A Blessing and A Curse

Friday afternoon a friend of mine stopped by my massage studio and we sat outside on the patio,drinking beer and catching up. He had been doing yard work all day and I had just finished several massage sessions. It was a rare chance just to sit down together for a little while.

We started talking about our days and I mentioned that I had done a Thai massage on the patio early Wednesday morning and that it had been so peaceful. He grinned and said,”It’s a little loud out here right now.”

I looked at him with enough surprise in my eyes that he pointed out that he could hear someone hammering 100 yards away, cars driving by and car doors shutting and people talking in the parking lot across the street.

100 yards! I couldn’t even imagine because,since I’m hard of hearing, I think-although I KNOW better- that only what I am seeing and feeling is making noise.

For me, sound is visual and tactical.
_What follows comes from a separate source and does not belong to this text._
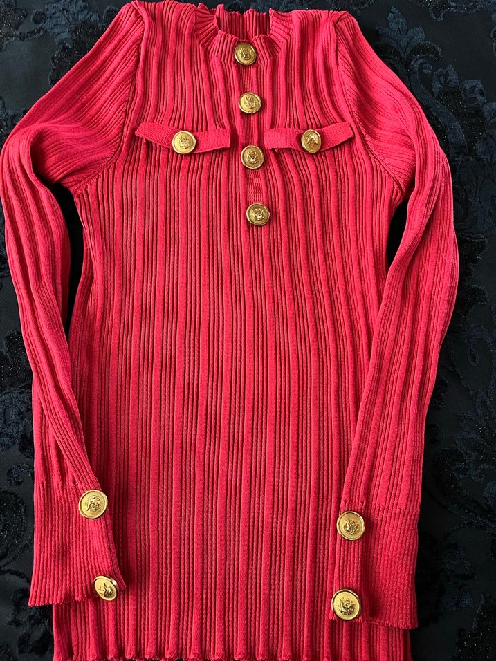 Düğmeli, uzun boylu ve yüksek yakalı bu triko kazak, fit kesimi ve ön ile kol manşetlerindeki düğme detaylarıyla dikkat çekiyor. Koyu kırmızı renkte, sokak modasına uygun.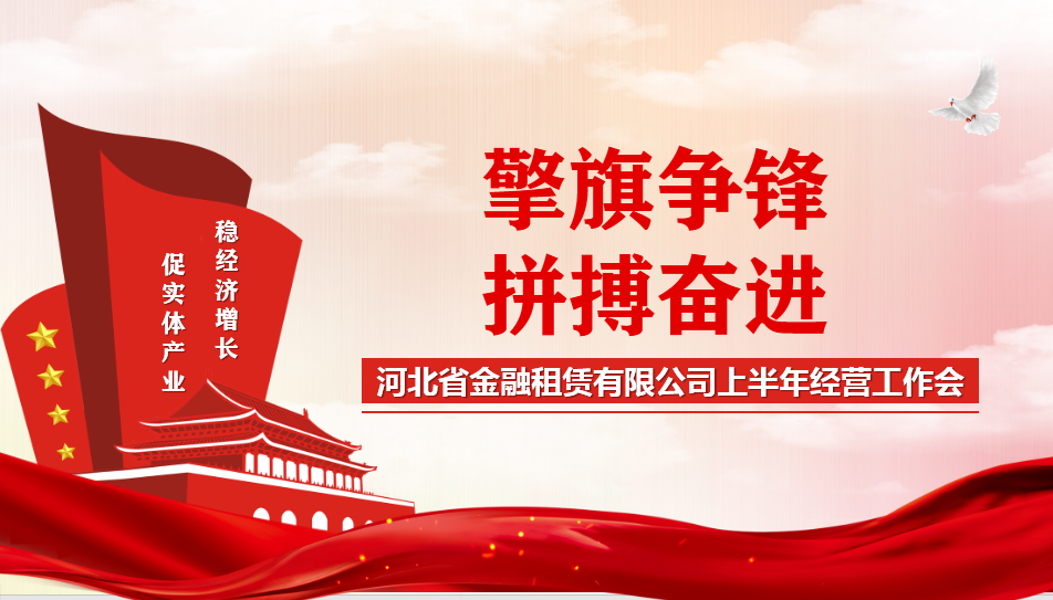擎旗爭鋒,拼搏奮進(jìn)。下半年,河北金租將以釘釘子精神完成各項(xiàng)經(jīng)營任務(wù),在克難奮進(jìn)中推進(jìn)公司高質(zhì)量發(fā)展。同時(shí),履行金融機(jī)構(gòu)的職責(zé)使命,用好各級政府落實(shí)扎實(shí)穩(wěn)住經(jīng)濟(jì)一攬子政策措施,積極作為,優(yōu)化服務(wù),努力惠及產(chǎn)業(yè)客戶,積極服務(wù)實(shí)體經(jīng)濟(jì)。

I can feel the wind blowing so I realise that it’s making a rustling sound, and I can see the wind chimes moving,so I know they are making a sound…but I’m not sure how loud it is or if it’s as soothing as i assume it is.

I had no idea that my clients would be hearing a lawn mower yards away or the chatter of people walking up the sidewalks during the Thai massage sessions that I do outside on the covered patio deck at Rockwall Body and Soul Massage.
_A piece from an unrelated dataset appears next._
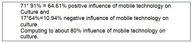 From Table 9 above, the following observations on the influence of mobile technology on culture are made:

This space is surrounded by trees and a high privacy fence so I’ve always considered it a peaceful, sacred oasis..far removed from the sounds of everything but when Jim told me what he heard, I was, quite frankly, a little shocked and then, I was filled with gratitude..

You see, hardly anyone ever tells me what I’m missing and I’m so used to missing out that it’s an incredible act of kindness when I’m made aware of something that I didn’t know.
I told Jim that I didn’t realize how loud it was outside.
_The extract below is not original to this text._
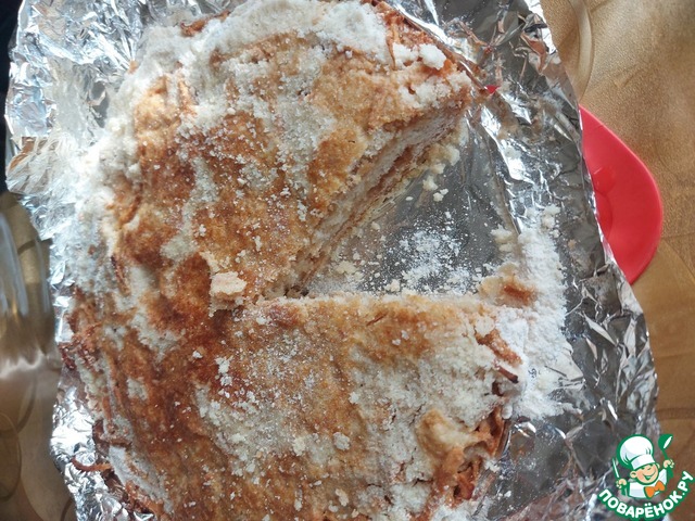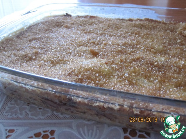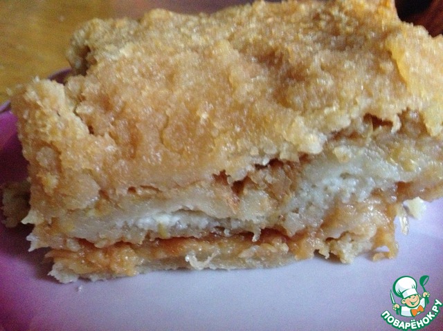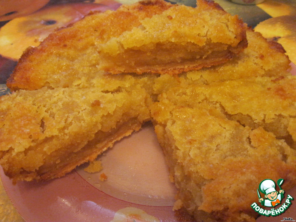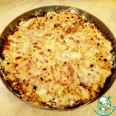 Пирог получился с хрустящей корочкой карамели снаружи...

As we sat facing each other, only inches apart, I explained that, as far as I was concerned, he was the only person in the world at this time. My eyes were watching his lips so I could read his words. I paid close attention to his eyes and his body language and I listened with every ounce of my being, concentrating so hard to avoid missing anything important and to have to ask for it to be repeated.

He nodded his head in understanding and said, “It’s a blessing and a curse.”

A blessing and a curse.

That’s exactly what it feels like. A blessing that I’m unaware of noises that I don’t see. A curse because it could affect the way others feel about the sessions they receive.

A curse because I’m so used to being left out that I just accept it. When people are talking right in front of me but don’t bother to slow down just a little so I can understand, I just pretend it doesn’t sting and walk away.

A curse because I feel invisible- unnoticed,unnecessary, uninvited.

I’ve sat at tables,sharing meals and not sharing conversations. People glance up, catch my eye and pause, as if they just now realized I was there, and then give me the “Readers Digest” version which usually begins like this, “Oh,we were just talking about……”

But it’s a blessing,too, because I’ve learned to be alone. I’ve learned to find the beauty in solitude, to fill the voids in my heart with other things. it’s made me a very compassionate woman. I appreciate kindness so much, the extraordinary gifts of patience and understanding. I marvel at the wonders of technology like AVA -Audio Visual Accessibility- an app I use every day and captions for lyrics through Sound Hound and MusicMatch which gives me the gift of understanding the songs I’m listening to.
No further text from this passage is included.